▶ Activity
Your answer must be the records below repeated word for word, with no pictures in it.
+++ Data provided
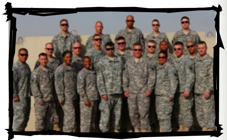
The 1st Sustainment Brigade S3 Shop in front of the 1SB Sustainment Operations Center.

The Army being what it is, resistant to change, has a collective challenge remembering or even accepting the CREW system as an absolute life saving measure equal to the individual weapon. The Electronic Warfare spectrum is one that can't be quantified with simple terms. Our finest moment is when a convoy returns safely with no IED events occurring on its trip.
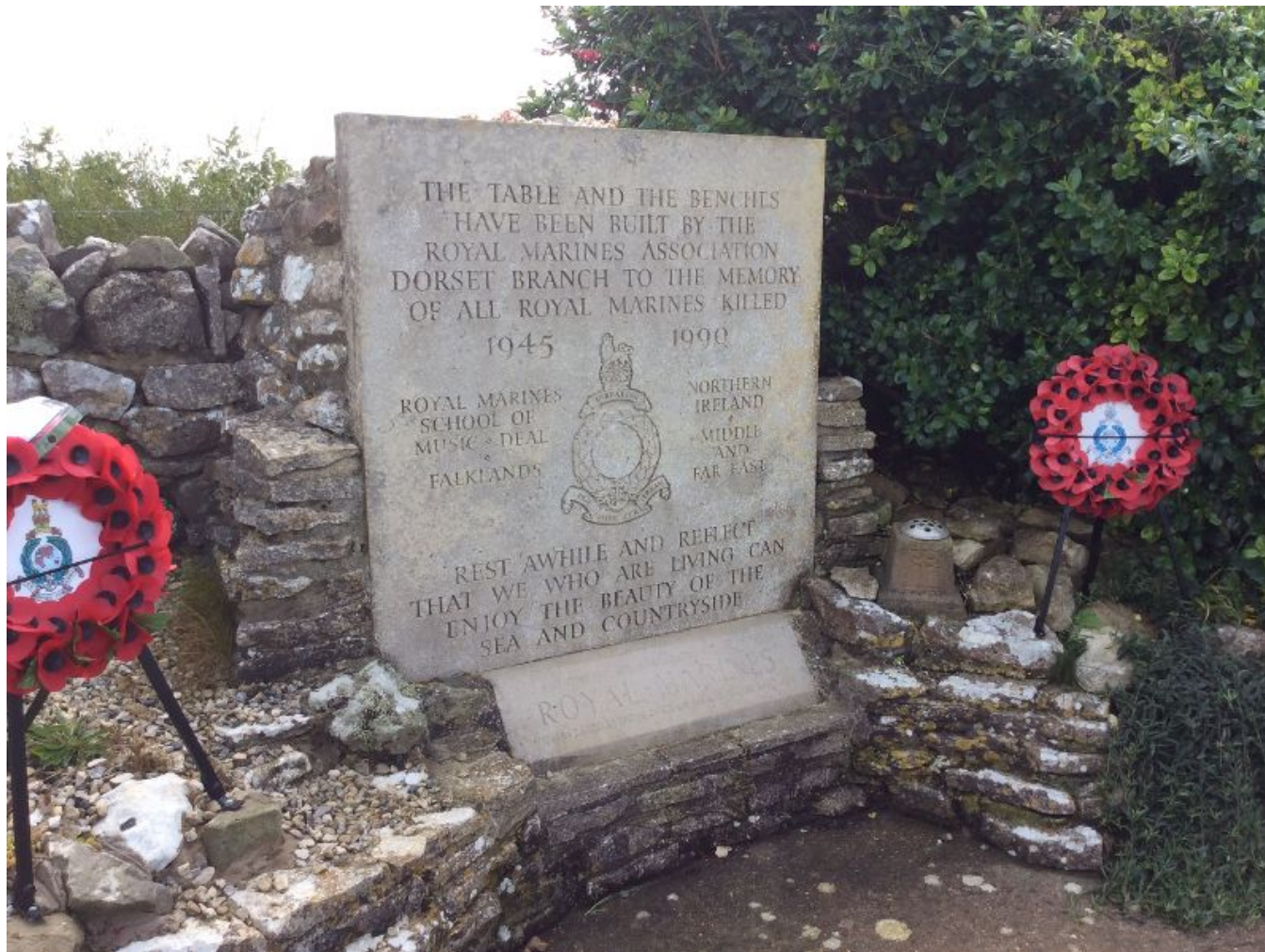
A memorial to Royal Marines killed between 1945 – 1990 near Worth Matravers.
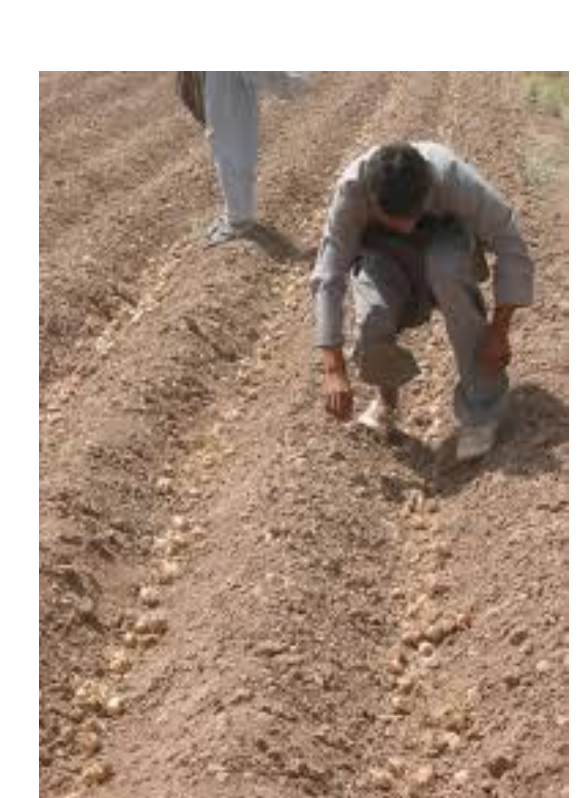
Hand row planting
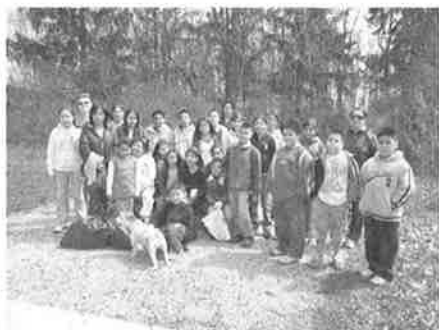
St. Andrews/San Andres— a job well done.

cleanup efforts like those in Wheaton and Glen Ellyn have done this for years, and we've learned from their example. It is satisfying that the folks in Winfield are doing more and more to clean up the IPP, public spaces, and forest preserve spaces that we all value. The best part for me was being able to work with the extraordinary people who have a well-developed feeling of community and are willing to donate a few hours of their time for a worthy cause. It was amazing what we got done on a Saturday morning, and I hope that next year you'll join us!
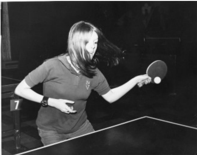
Yorkshire – from Sheffield and if I recall used to play at the YMCA there.
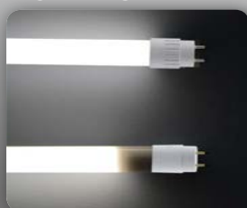
Other LED Tubes
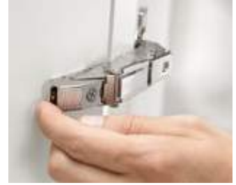
Easy assembly and removal due to CLIP technology
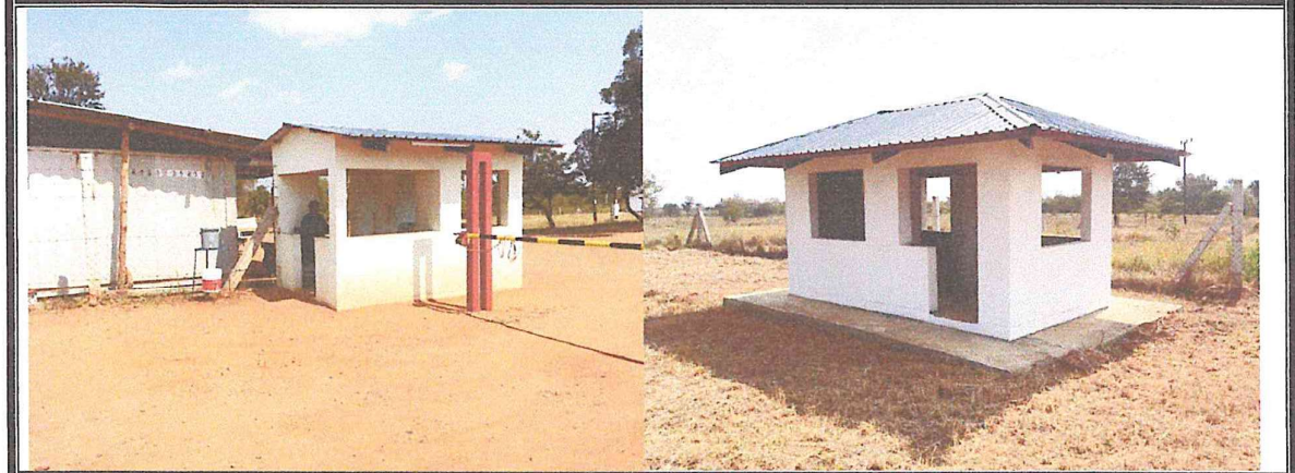
PLATE IV: FRONT & SIDE VIEW OF THE GUARD HOUSES
++++++
▶ Your response
The 1st Sustainment Brigade S3 Shop in front of the 1SB Sustainment Operations Center.

The Army being what it is, resistant to change, has a collective challenge remembering or even accepting the CREW system as an absolute life saving measure equal to the individual weapon. The Electronic Warfare spectrum is one that can't be quantified with simple terms. Our finest moment is when a convoy returns safely with no IED events occurring on its trip.
A memorial to Royal Marines killed between 1945 – 1990 near Worth Matravers.
Hand row planting
St. Andrews/San Andres— a job well done.

cleanup efforts like those in Wheaton and Glen Ellyn have done this for years, and we've learned from their example. It is satisfying that the folks in Winfield are doing more and more to clean up the IPP, public spaces, and forest preserve spaces that we all value. The best part for me was being able to work with the extraordinary people who have a well-developed feeling of community and are willing to donate a few hours of their time for a worthy cause. It was amazing what we got done on a Saturday morning, and I hope that next year you'll join us!
Yorkshire – from Sheffield and if I recall used to play at the YMCA there.
Other LED Tubes
Easy assembly and removal due to CLIP technology
PLATE IV: FRONT & SIDE VIEW OF THE GUARD HOUSES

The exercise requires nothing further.